→ Source material:

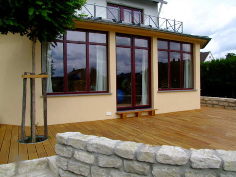 Natursteineinfassung einen großzügigen Sitzplatz mit Blick
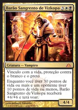 | Nome em Inglês: | Blood Baron of Vizkopa | | Nome em Português: | Barão Sangrento de Vizkopa | | Custo de Mana: |    | | Tipo: | Criatura - Vampiro | | Texto: | Vínculo com a Vida, Proteção contra o branco, Proteção contra o preto. Enquanto você tiver 30 ou mais pontos de vida e um oponente tiver 10 ou menos pontos de vida, Blood Baron of Vizkopa ganha +6/+6 e tem Voar. | | P/T: | 4/4 | | Série: |  | | Raridade: | Mítico Raro | | Card: | 057 |
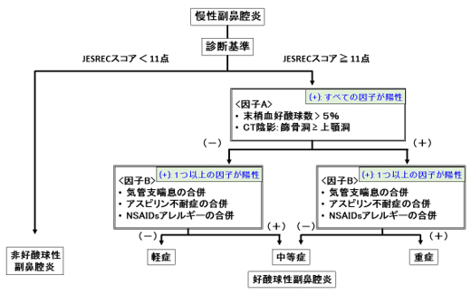 JESRECスコア11点以上というのは、症状から好酸球性副鼻腔炎を疑われる方の多くが満たすのですが、確定診断のための鼻茸組織中好酸球数(400倍視野)が70個以上というのが、なかなかクリアーできない場合があります。

→ Assignment:
Leaving out all pictures, transcribe the listing exactly.

→ Solution to this problem:
 Natursteineinfassung einen großzügigen Sitzplatz mit Blick
 | Nome em Inglês: | Blood Baron of Vizkopa | | Nome em Português: | Barão Sangrento de Vizkopa | | Custo de Mana: |    | | Tipo: | Criatura - Vampiro | | Texto: | Vínculo com a Vida, Proteção contra o branco, Proteção contra o preto. Enquanto você tiver 30 ou mais pontos de vida e um oponente tiver 10 ou menos pontos de vida, Blood Baron of Vizkopa ganha +6/+6 e tem Voar. | | P/T: | 4/4 | | Série: |  | | Raridade: | Mítico Raro | | Card: | 057 |
 JESRECスコア11点以上というのは、症状から好酸球性副鼻腔炎を疑われる方の多くが満たすのですが、確定診断のための鼻茸組織中好酸球数(400倍視野)が70個以上というのが、なかなかクリアーできない場合があります。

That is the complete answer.